At this writing, the current version of sendmail5.67b+IDA1.5 is available via anonymous ftp from ftp.uiuc.edu. It compiles without any patching required under Linux.
All the configuration files required to get sendmail+IDA sources to compile, install, and run under Linux are included in newspak-2.0.tar.gz which is available via anonymous ftp on sunsite.unc.edu in the directory /pub/Linux/system/Mail.
Traditional sendmail is set up through a system configuration file, typically /etc/sendmail.cf or /usr/lib/sendmail.cf, that is not anything close to any language you've seen before. Editing the sendmail.cf file to provide customized behavior can be a humbling experience.
Sendmail+IDA makes such pain essentially a thing of the past by having all configuration options table-driven with rather easy-to-understand syntax. These options are configured by running m4 (a simple macro processor) or dbm (a simple database processor) on a number of data files via Makefiles supplied with the sources.
The sendmail.cf file defines only the default behavior of the system. Virtually all special customization is done through a number of optional 'tables' rather than by directly editing the sendmail.cf file.
mailertable - define special behavior for a remote host or domain
uucpxtable - force UUCP delivery of mail to a domainized host
pathtable - define the pathalias-style UUCP path to a remote host or domain
uucprelays - short-circuit the pathalias path to well-known remote hosts
genericfrom - convert internal addresses into generic ones visible to the outside world
xaliases - convert generic addresses to/from valid internal ones
decnetxtable - convert SMTP addresses to decnet-style addresses
Description
The sendmail.cf file for sendmail+IDA is not edited directly, but is generated based on an administrator-specified m4 configuration file. This file creates a few definitions and otherwise points to the tables where the 'real work' gets done. In general, it is only necessary to specify the paths used on the local system, the name(s) the site is known by for e-mail purposes, and which default mailer (and perhaps smart relay host) is desired.

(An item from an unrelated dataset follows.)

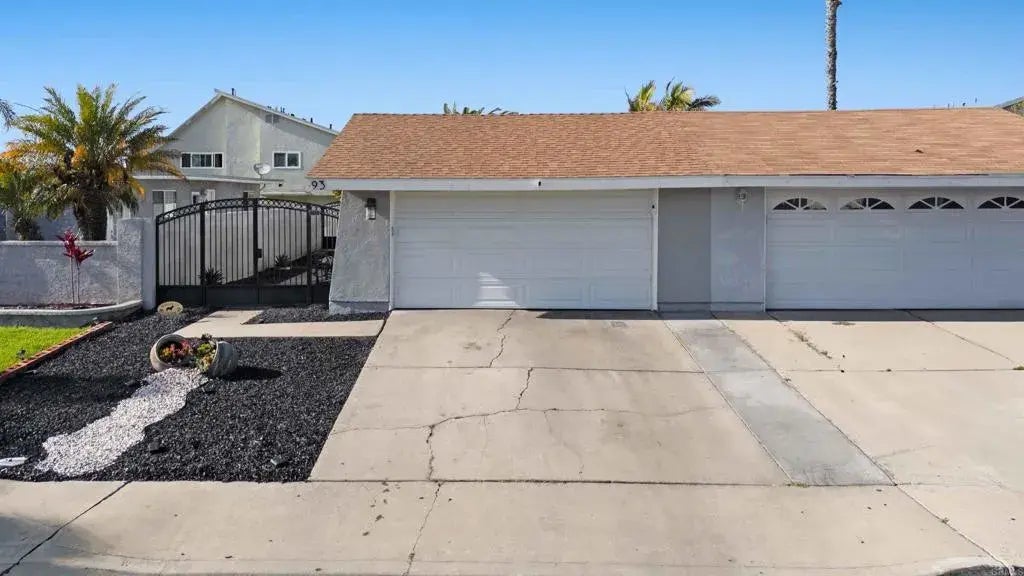 Nestled in the heart of West Chula Vista, this fantastic twin home offers the ideal blend of style and convenience with no HOA fees. Featuring 3 bedrooms and 2 bathrooms, and 1083 square feet, of living space, this home also includes a 2-car garage and driveway. The open concept floor plan boasts generously sized bedrooms and a kitchen equipped with granite countertops, stainless steel appliances, recessed lighting, and a surround sound system for your enjoyment. Stay cool with the comfort of AC during the warmer months. The spacious yard, adorned with stamped concrete, is perfect for entertaining and easy to maintain. A custom-made iron front fence adds a touch of privacy while enhancing curb appeal.

There are a large variety of parameters that can be defined to establish the behavior of the local site or to override compiled-in configuration items. These configuration options are identified in detail in the documentation that comes with the sources in the file <IDA_SOURCE_DIR>/ida/cf/OPTIONS.
Example
A m4 file for a minimal configuration (UUCP or SMTP with all non-local mail being relayed to a directly connected smart-host) can be as short as 10 or 15 lines excluding comments.
A typical sendmail.m4 file for a UUCP-only site who talks to an Internet relay host is shown below.
Virtually all systems should set the DEFAULT_HOST, DEFAULT_MAILER, and PSEUDONYMS.
UUCP hosts will probably also need to define the UUCPNAME, RELAY_MAILER, and RELAY_HOST parameters.
If your site is SMTP-only and talks 'Domain Name Service', you would change the DEFAULT_MAILER to TCP-A and probably delete the RELAY_MAILER and RELAY_HOST lines.